From the first time you put a leash on your dog, you should begin training. If you tolerate bad behavior on the leash early on, your dog will think it is appropriate and continue doing it. Not allowing them to pull from the get-go can make the rest of your leash training much easier. Otherwise you might end up with a 170 pound dog dragging you down the sidewalk. Allowing this to happen can be dangerous, because an out of control dog can end up injuring itself or others by accident.

Dogs learn best through positive reinforcement. For this reason, it is important for you to keep the entire experience a positive one from start to finish. Yelling and jerking the leash around will not give you the results you desire. Keeping things happy will ensure that you have a happy dog on the end of your leash when they are full grown. Fear is never an effective means to train your dog.

You have to be clear with your dog when showing them what is okay behavior, and what is inappropriate. The key to this is by being consistent. Allowing your dog to pull you sometimes and not others sends your pooch mixed messages, as to what exactly they should be doing. Your dog is happiest when they know what you expect of them so that they can please you.
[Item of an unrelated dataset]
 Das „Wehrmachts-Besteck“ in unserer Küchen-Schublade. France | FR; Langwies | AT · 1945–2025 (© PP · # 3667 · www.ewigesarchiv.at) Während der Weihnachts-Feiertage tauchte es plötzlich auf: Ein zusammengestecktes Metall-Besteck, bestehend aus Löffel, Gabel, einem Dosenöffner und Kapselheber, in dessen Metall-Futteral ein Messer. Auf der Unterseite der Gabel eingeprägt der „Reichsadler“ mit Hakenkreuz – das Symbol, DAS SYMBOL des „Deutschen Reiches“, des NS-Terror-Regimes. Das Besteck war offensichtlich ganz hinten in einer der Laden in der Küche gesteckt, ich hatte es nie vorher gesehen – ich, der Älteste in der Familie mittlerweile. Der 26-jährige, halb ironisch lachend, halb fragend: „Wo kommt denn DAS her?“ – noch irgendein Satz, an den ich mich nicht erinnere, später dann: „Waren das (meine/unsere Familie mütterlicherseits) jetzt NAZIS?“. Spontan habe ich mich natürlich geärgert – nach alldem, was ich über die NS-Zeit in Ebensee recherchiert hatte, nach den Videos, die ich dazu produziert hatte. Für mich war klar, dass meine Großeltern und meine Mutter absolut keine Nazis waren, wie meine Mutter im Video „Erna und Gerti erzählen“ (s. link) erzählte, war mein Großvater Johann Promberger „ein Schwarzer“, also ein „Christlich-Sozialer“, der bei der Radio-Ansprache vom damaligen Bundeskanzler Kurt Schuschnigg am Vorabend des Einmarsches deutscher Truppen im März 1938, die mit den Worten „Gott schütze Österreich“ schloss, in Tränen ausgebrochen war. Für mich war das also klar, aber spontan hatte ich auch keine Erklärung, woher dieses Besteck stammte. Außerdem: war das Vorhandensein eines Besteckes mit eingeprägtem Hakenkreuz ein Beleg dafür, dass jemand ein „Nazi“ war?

A technique that many dog owners find useful when training their dog to walk on a leash, is by using the crazy-walk method. Instead of walking in a standard straight line, keep your dog on their “paws” by going around objects like telephone poles, signs and any other obstacles that you come across. Eventually your dog will understand that you are leading and know the way, not them. This will cause them to stick close to you, because they are never sure what you are going to do next.
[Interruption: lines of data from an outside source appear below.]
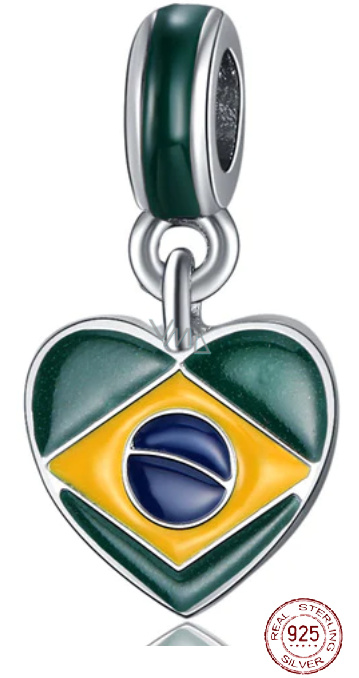 Charm Sterlingové stříbro 925 Brazilská vlajka srdce - miluji Brazílii, kávové zrno, přívěsek na náramek cestování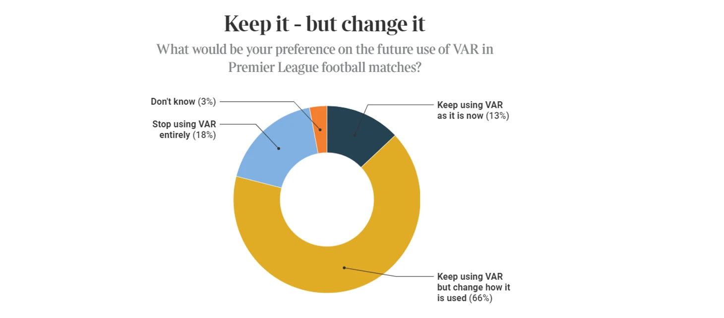Издание The Times провело эксклюзивный опрос, который показал, что более трех четвертей респондентов, интересующихся футболом, хотят оставить VAR, но большинство желают увидеть изменения в системе. Только 18% человек прямо сейчас бы отказались от технологии.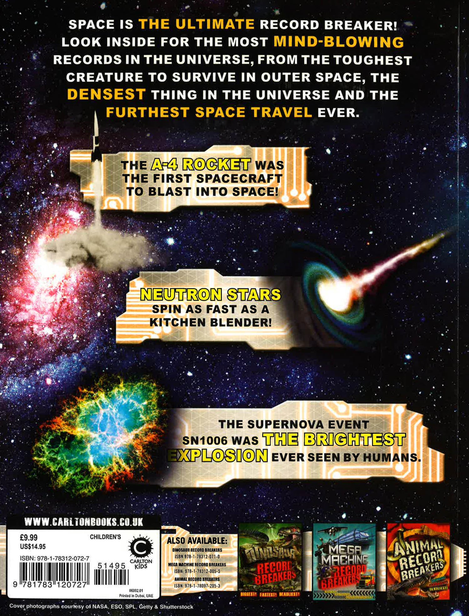 The entire universe is in this book - and budding astronauts and astronomers will be captivated! What planet has the most moons? Who was the first woman in space? Where is the nearest star - and how long would it take to get there? These record-breaking facts take the wonders of the cosmos and space exploration and make them fascinating, fun, and understandable to kids.

Another very effective method is known as “reversing”. Reversing involves abruptly switching directions as soon as your dog begins to pull on their leash. Much like the “zig-zag” method, this helps to reinforce to your dog that you are in charge of the walk. Eventually your dog will learn not to pull you and will walk next to you instead.

It is important to make sure that your dog can behave themselves on a leash. This will make things much easier for you when you are out walking your dog, or simply want to take them out to a public place.